La lluvia en Sevilla

Lo efímero permanente

Sevilla está llamada a ser el ‘photocall’ de la parusía, no podemos permitir que nos arrebaten ese puesto

Hoy hablaré de cosas que no conozco más que de oídas: del alumbrado y de la muerte, asuntos ambos que conciernen a la idiosincrasia de Sevilla en la que perviven trazas del barroco, y es por eso que, aquí, el brillibrilli efímero se entiende por lo bajo con la nada larga y canina. Observen ustedes las vanitas de Valdés Leal.

Es por su destreza con lo efímero y dorado que Sevilla está llamada, muy a mi pesar, a ser el Vigo del Mediodía, a disputarse el primer puesto en el estúpido ranking de la estridencia navideña, el árbol de mentira más grande, la ascensión de las almas por escaleras mecánicas. Lo hemos demostrado en los Grammys: Sevilla está llamada a ser el photocall de la parusía, no podemos permitir que nos arrebaten ese puesto. Somos capaces de recorrer en tiempo récord el camino que va del delicado, casi chinesco, farolillo al foco cegador; del altarcillo de pan de oro al stand propio y de aglomerado en Fitur. Hemos demostrado de sobra que lo efímero aquí es, además de grandioso, nuestro y permanente.

Les pongo ejemplos. El túmulo a Felipe II, a la vera de la catedral. Qué cosa más grande, qué de columnatas y esculturas. “Voto a Dios que me espanta esta grandeza”, escribió Cervantes en un soneto (con estrambote, para que le cupiese el monumento entero) que acababa incidiendo en lo efímero, con un “…fuese, y no hubo nada”. Más ejemplos: los arcos, colgaduras y juncias del Corpus. La feria que se monta y se desmonta esforzadamente cada primavera. La ampliación de los veladores por el Covid. ¿Cabe ejemplo más grande del eterno efímero sevillano que los veladores ampliados con la pandemia? Nada dura más que lo provisional en Sevilla.

Sucede no sólo que lo efímero en Sevilla es permanente, sino que hay algo de permanente en todo lo efímero, incluso en todo lo que estuvo, o fue, y ya no. Me impresiona observar cómo nombramos, persistentemente, lo que no está: puertas que no existen, el río que ya no corre y más bien un estanque, la Alameda sin apenas álamos blancos, el arco de Troya destruido quizá por algún aqueo… “Coge por aquí, por la Pasarela, hasta el Prado…”, me explica una señora dibujando el aire con el dedo.
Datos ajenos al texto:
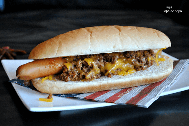 Cortar los panes por la mitad sin llegar a cortarlos por completo y colocar la salchicha encima, cubrir la salchicha con la salsa Beef-Chili y espolvorear con el queso rallado. Gratinar unos minutos en el horno y Servir.

Lo que el tiempo, más que el viento, se llevó, lo muerto o perdido resiste en pie, a modo de ciudad invisible. Me pregunto si eso es bueno o si acaso nos hace ensoñarnos o, peor, mentir sin querer al hablar de la Sevilla actual a la que poco o nada le va quedando de aquello que se cuenta al filo del tópico... Una cosa es nuestro enganchazo cíclico a lo efímero, brillante y colorista, y otra esta muerte civil, en nombre de una prosperidad más falsa que ojú, que cubrimos de nostalgia y resignación (“ay, patio mío”), y pasamos a otra cosa.